Creates a list that explains the beta values, and their corrections, of the ensemble IBLM model

Usage

explain_iblm(iblm_model, data, migrate_reference_to_bias = TRUE)

Arguments

iblm_model

An object of class 'iblm'. This should be output by `train_iblm_xgb()`

data

Data frame.

If you have used `split_into_train_validate_test()` this will be the "test" portion of your data.

migrate_reference_to_bias

Logical, migrate the beta corrections to the bias for reference levels? This applied to categorical vars only.
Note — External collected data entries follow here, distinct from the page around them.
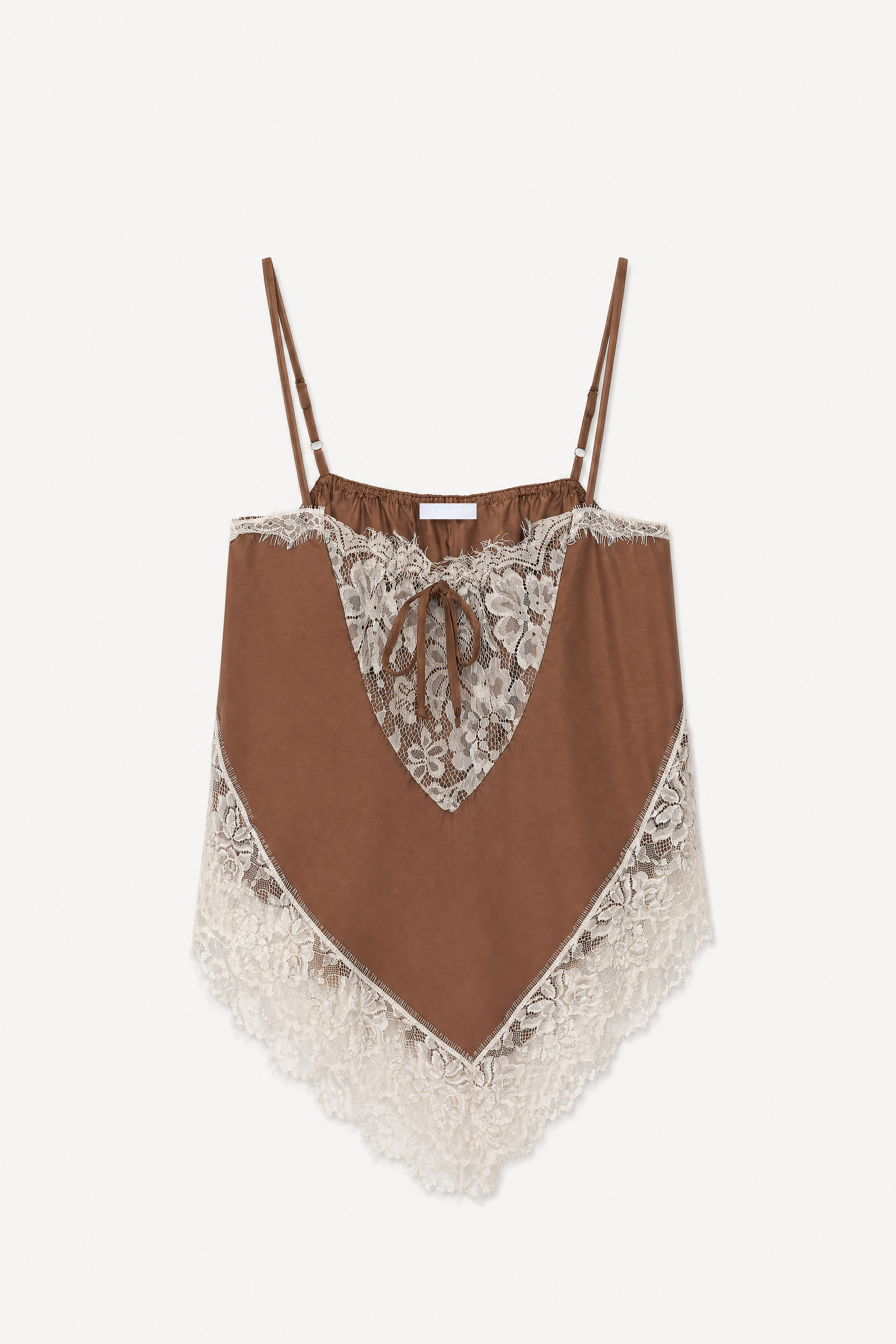 Top in tessuto satinato misto lyocell. Inserti in pizzo floreale con finiture sfrangiate. Scollo dritto arricciato con coulisse regolabile. Spalline sottili regolabili con anelli metallici. Costruzione con balze sovrapposte sul fondo. Vestibilità regolare, disponibile in taglia S/M, M/L.
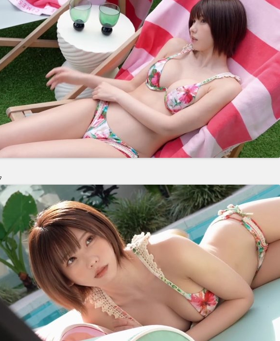 最新グラビアでは、Tバックで、紐をずらして、お尻丸出しに・・
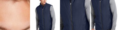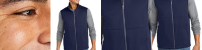 This soft shell vest is made to move with you-regardless of the weather. 100% polyester knit shell with a durable water-repellent (DWR) coating bonded to a water-resistant film insert and a 100% polyester brushed tricot interior Tag-free label 5000MM fabric waterproof rating 5000G/M2 fabric breathability rating Coated reverse coil center front zipper Dyed-to-match binding at arm holes Hidden front reverse coil zippered pockets Open hem
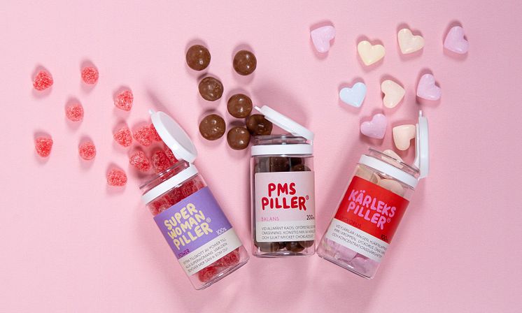 Delar av sortimentet har funnits tidigare men kommer nu i en nytappning. Rolig och charmig ”medicin*” för alla tillfällen, perfekta att ge som present eller som en boost till sig själv. Burkarna innehåller små smarriga godisar, till exempel hjärtformade, stjärnformade, stavar eller kulor i olika färger och smaker. Godiset i Superwoman, Pms och Bakispiller är tillverkat i Sverige, innehållet i Kärlekspiller i EU.

It is recommended to leave this setting on TRUE

Value

A list containing:

beta_corrected_scatter: Function to create scatter plots showing SHAP corrections vs variable values (see beta_corrected_scatter)
beta_corrected_density: Function to create density plots of SHAP corrections for variables (see beta_corrected_density)
bias_density: Function to create density plots of SHAP corrections migrated to bias (see bias_density)
overall_correction: Function to show global correction distributions (see overall_correction)
shap: Dataframe showing raw SHAP values of data records
beta_corrections: Dataframe showing beta corrections (in wide/one-hot format) of data records
data_beta_coeff: Dataframe showing beta coefficients of data records

Details

The following outputs are functions that can be called to create plots:

beta_corrected_scatter
beta_corrected_density
bias_density
overall_correction

For each of these, the key data arguments (e.g. data, shap, iblm_model) are already populated by `explain_iblm()`. When calling these functions output from `explain_iblm()` only key settings like variable names, colours...etc need populating.

Examples

df_list <- freMTPLmini |> split_into_train_validate_test(seed = 9000)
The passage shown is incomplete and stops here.